À l’Assemblée nationale de la République démocratique du Congo, la réforme du portefeuille de l’État s’impose comme l’un des dossiers prioritaires en examen. Lors de la plénière du 27 mars 2026, tenue au Palais du Peuple à Kinshasa, l’intervention du député Romain-Landry Bussa Mbule a particulièrement retenu l’attention par sa rigueur et sa portée politique.
Prenant part au débat sur la proposition de loi relative à l’organisation et à la gestion du portefeuille de l’État, l’élu a placé au cœur de son argumentaire une exigence majeure : mettre fin aux avantages accordés aux mandataires publics sans lien avec les performances réelles des entreprises qu’ils dirigent.

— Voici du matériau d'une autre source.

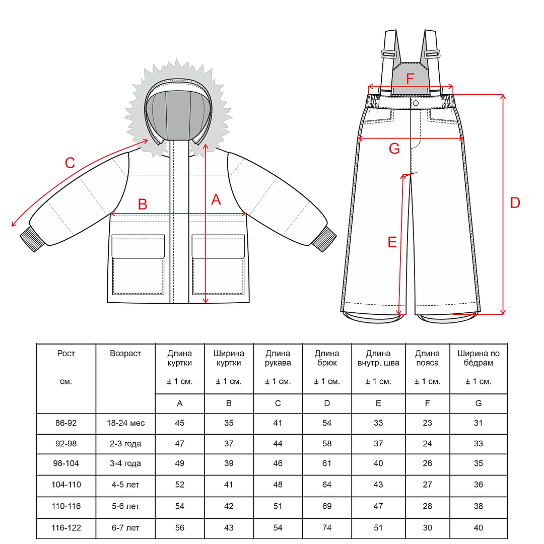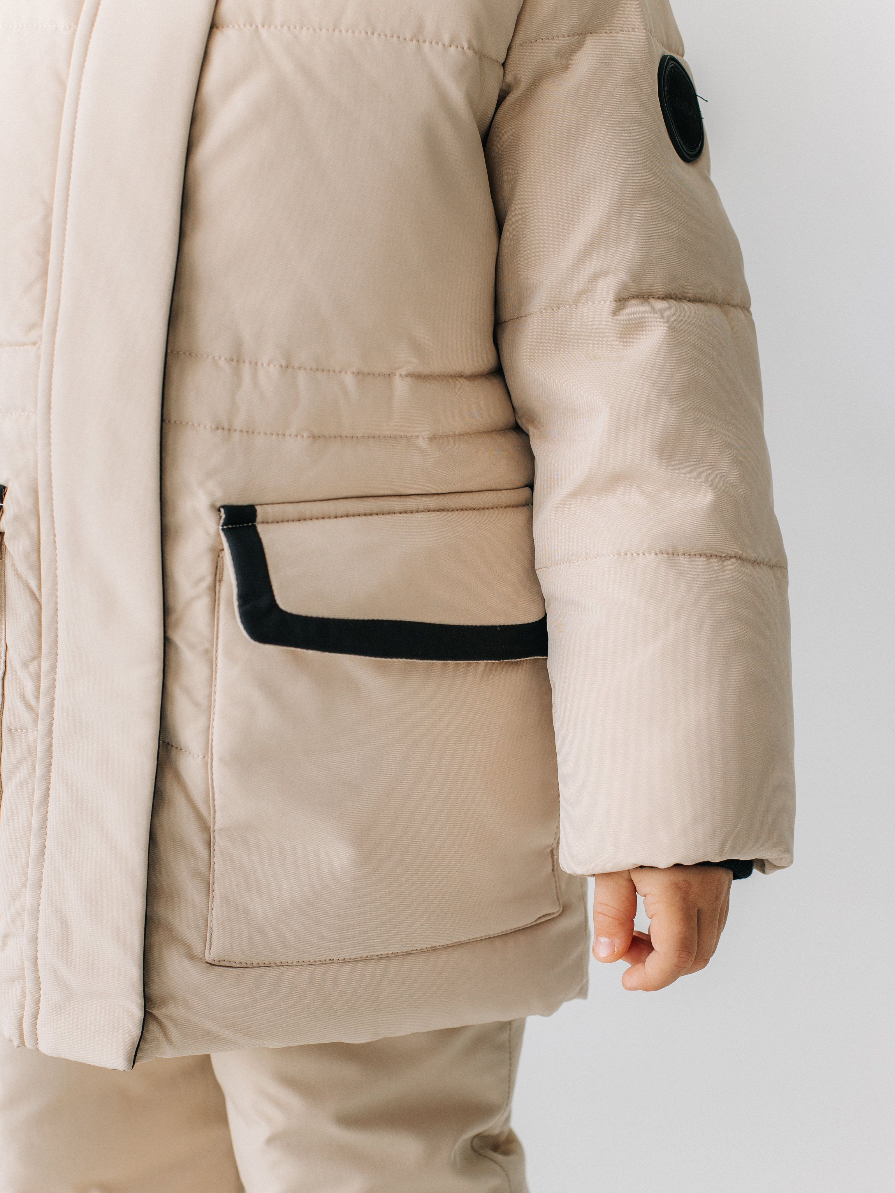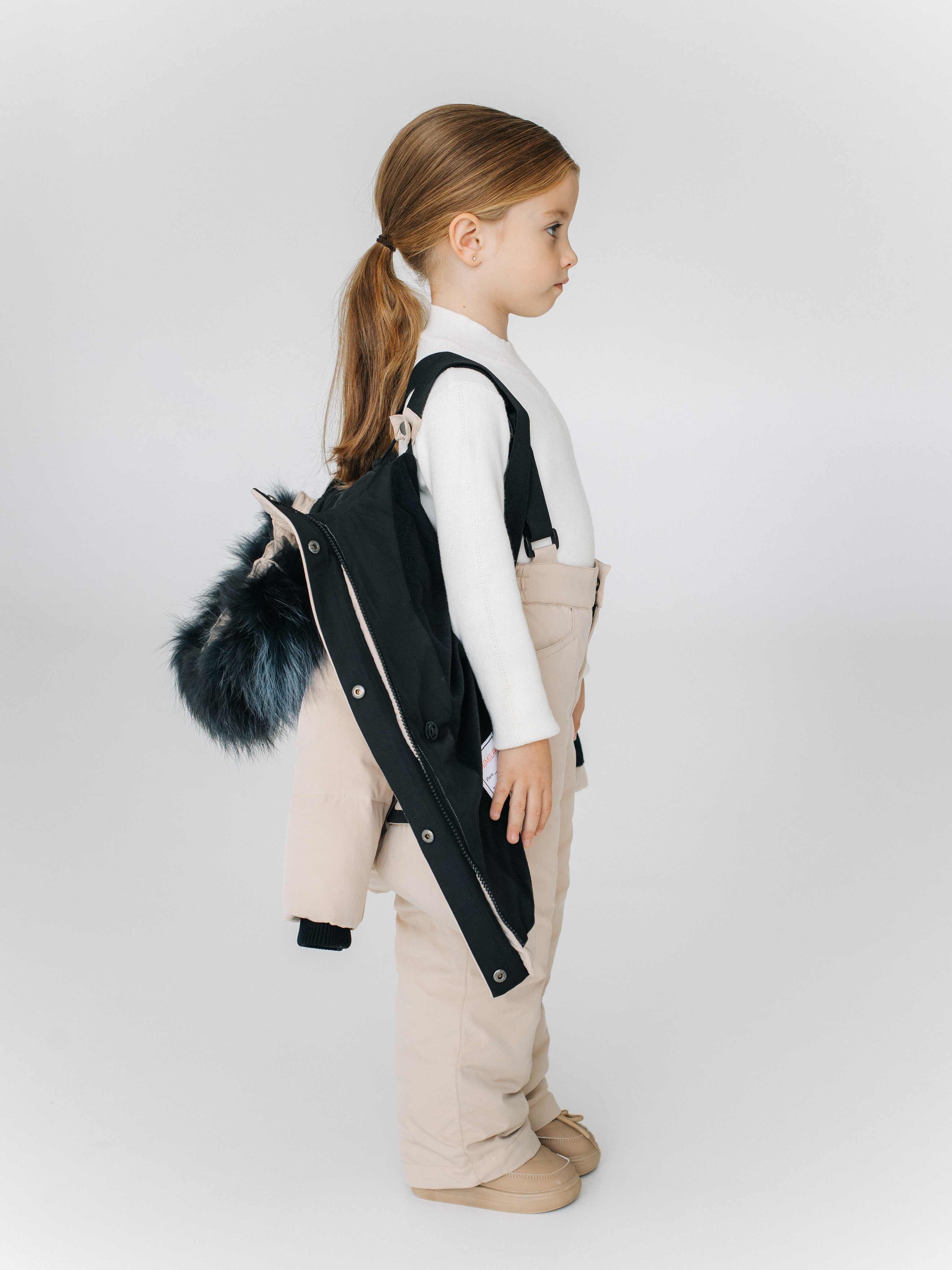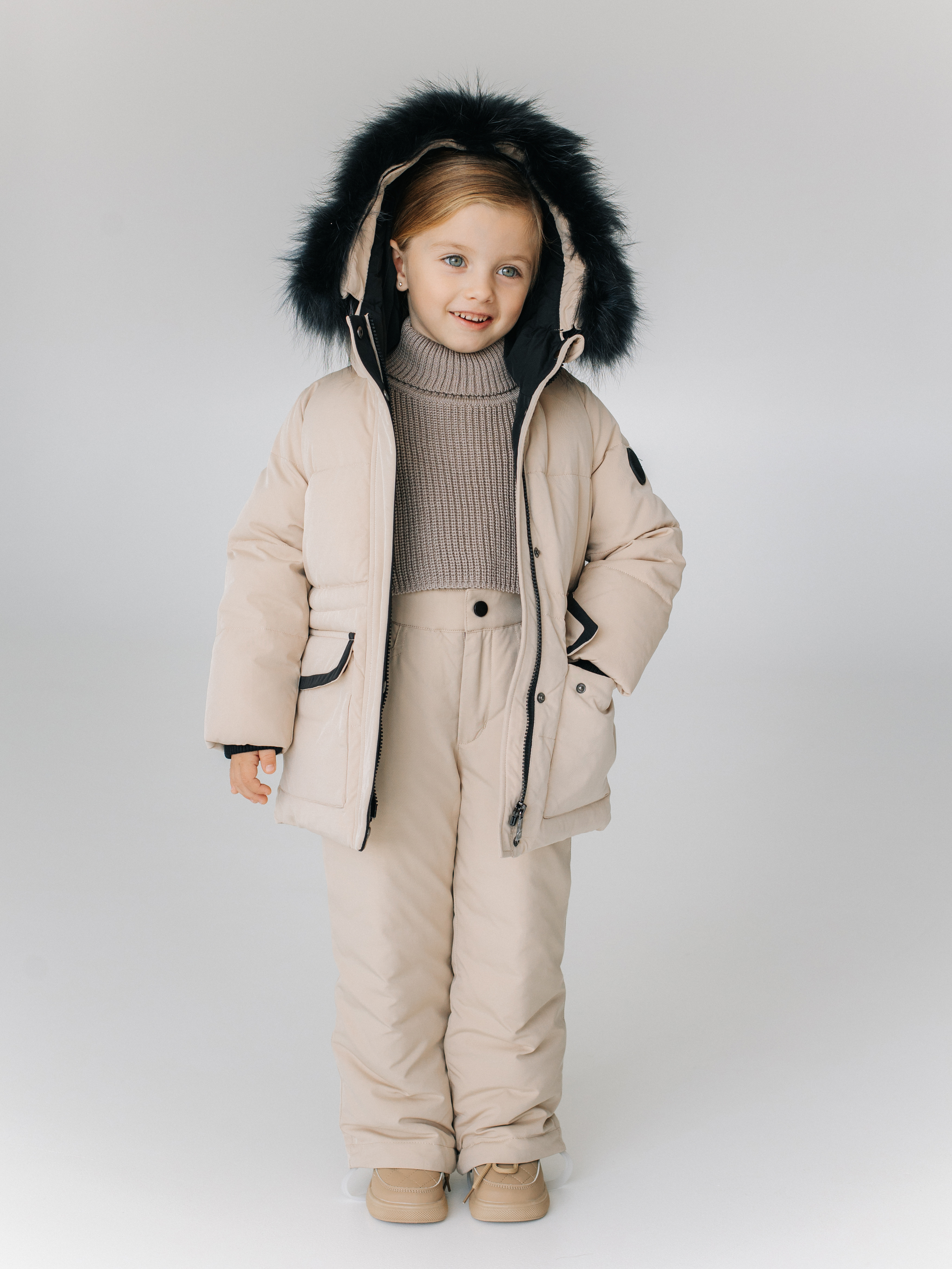 Капюшон вшитый со съемной опушкой из натурального меха. По низу рукавов и штанин эластичные манжеты на резинке.
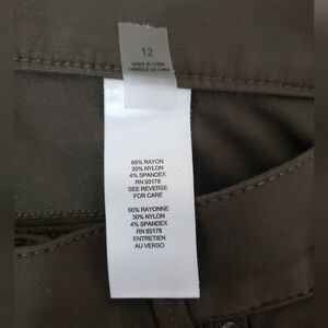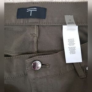 T-Tahari~Woman Size 12~Olive Green Ponte Slim Pants Zipper Front, Stretch.
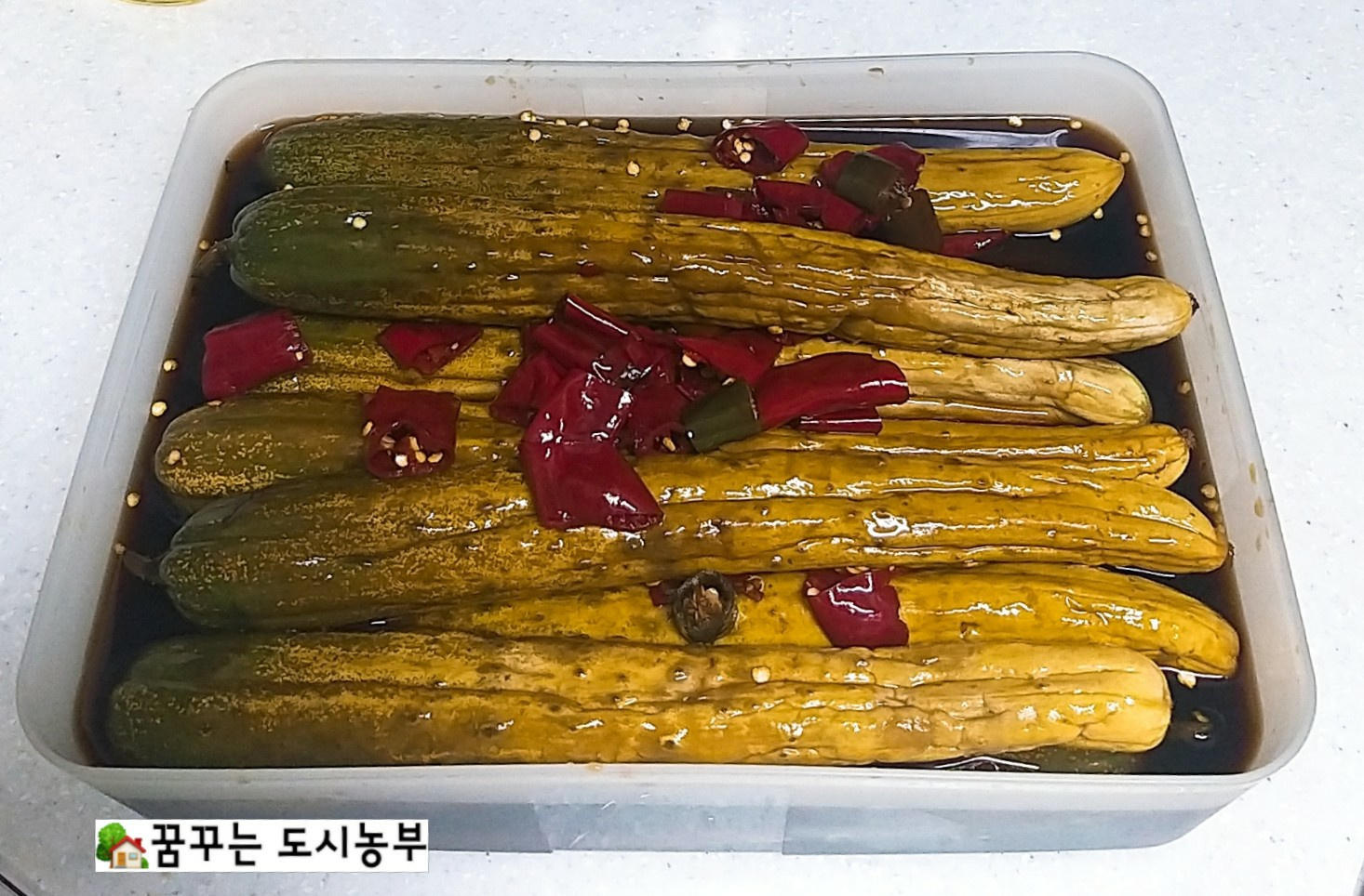 時間が経つと、美味しい醤油漬けきゅうり、通称「オイジ」が完成です!パリパリとした食感と、甘酸っぱい風味が食欲をそそります。
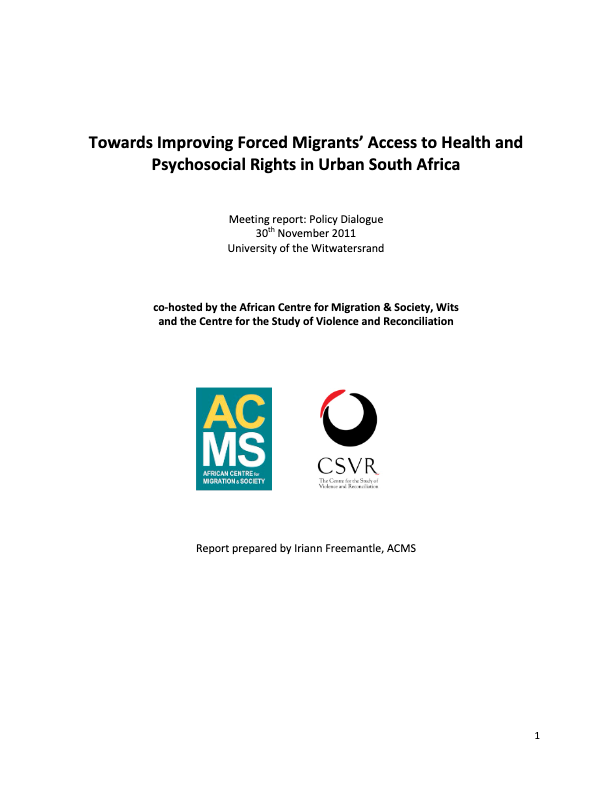 The policy dialogue "Towards improving forced migrants' access to health and psychosocial rights in urban South Africa" took place on the 30th of November 2011. The dialogue focused on a range of obstacles that migrants face in South Africa as…
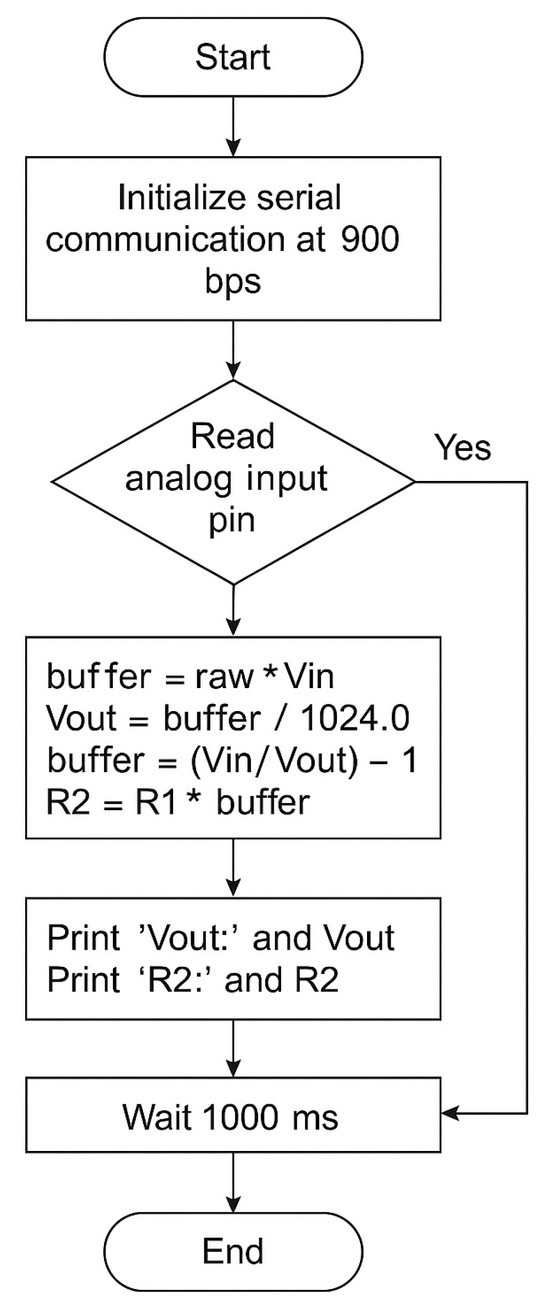 Logical flowchart of the Variable Resistance Measurement Program code used to perform variable resistance measurements through Arduino.
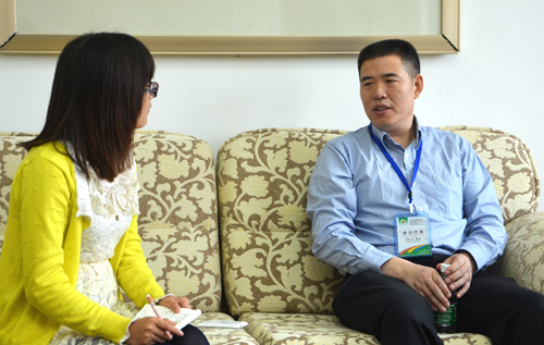 韩国农协中央会农协经济研究所金柳泰(中)接受采访
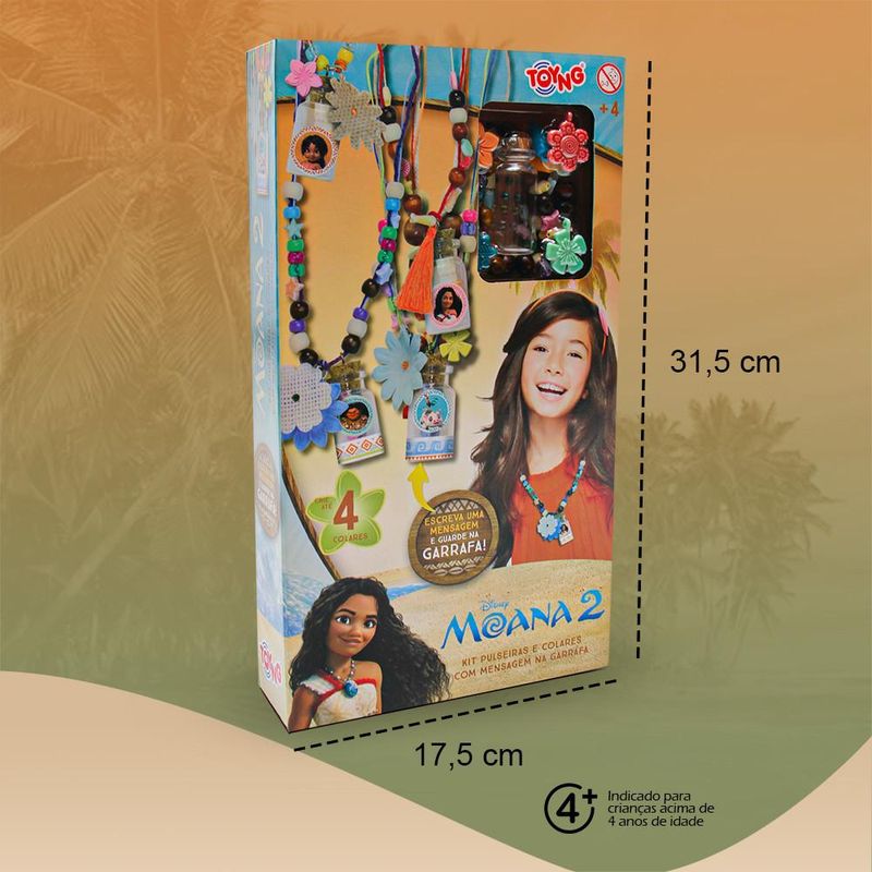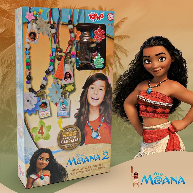 Inspirado na coragem e na magia de Moana, este kit encantador é perfeito para crianças que adoram aventuras e criatividade. Com um colar único, que pode guardar mensagens secretas em uma "garrafa mágica", o conjunto é ideal para presentear ou tornar qualquer dia mais especial.
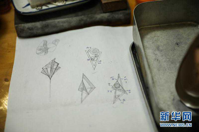 设计专业出身的王晓璐,目前主要负责原创首饰设计。小时候第一次看到由母亲独立制作的一幅名为《一帆风顺》的银丝画时,王晓璐被震撼了,同时她在心里种下了一颗关于银花丝的种子。王晓璐从高中开始学习绘画,大学时选择了旅游工艺品设计与制作专业,都是在为自己的“花丝细梦”做准备。图为王晓璐的设计图纸。
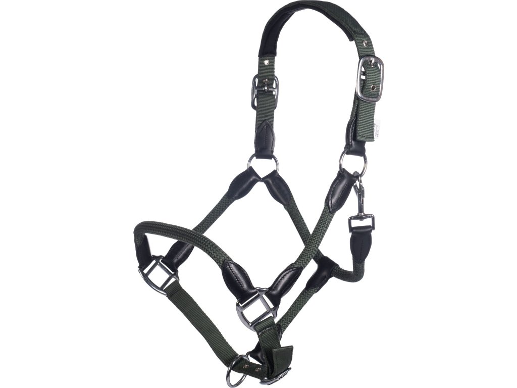Wysokiej jakości kantar wykonany z połączenia nylonu i skóry. Pasek potyliczny jest miękko wyściełany dla zapewnienia maksymalnego komfortu. Można go regulować na nachrapniku i po obu stronach paska potylicznego. Dostępne w wielu kolorach.
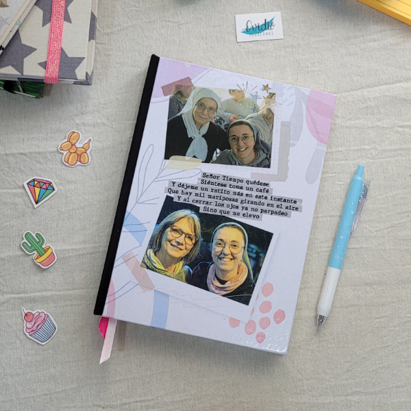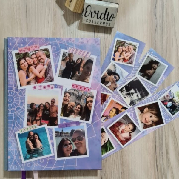 La idea es que juntos podamos armar el diseño que buscas, tapa personalizada y el dorso y lomo estarían forrado con tela, para mayor duración.

S’appuyant sur les dispositions constitutionnelles, Romain-Landry Bussa Mbule a rappelé que si la nomination des mandataires publics relève du pouvoir discrétionnaire du Chef de l’État, elle doit impérativement s’accompagner d’une obligation de résultats mesurables et immédiats. « Il est inconcevable qu’un mandataire public bénéficie de bonus importants alors même que son entreprise enregistre des résultats négatifs. Les avantages doivent refléter la performance », a-t-il dénoncé.
Dans cette optique, le parlementaire a proposé une réforme concrète : réduire le délai de signature des contrats de mandat de six mois à trente jours. Selon lui, cette mesure permettrait d’instaurer une gestion plus réactive et orientée vers les résultats. « Les entreprises publiques ont besoin d’efficacité immédiate. Un délai de trente jours est largement suffisant pour fixer des objectifs clairs et engager les responsabilités », a-t-il soutenu.
Cette prise de position s’inscrit dans le cadre des travaux dirigés par le président de l’Assemblée nationale, Aimé Boji Sangara, au cours desquels plusieurs propositions de loi ont été jugées recevables et renvoyées en commissions pour un examen approfondi.
Au-delà du débat parlementaire, l’intervention de Romain-Landry Bussa Mbule traduit une volonté affirmée de rompre avec les pratiques de gestion peu performantes et d’instaurer une véritable culture de responsabilité au sein des entreprises publiques.
Si ces réformes aboutissent, elles pourraient marquer un tournant significatif dans la gouvernance publique en République démocratique du Congo.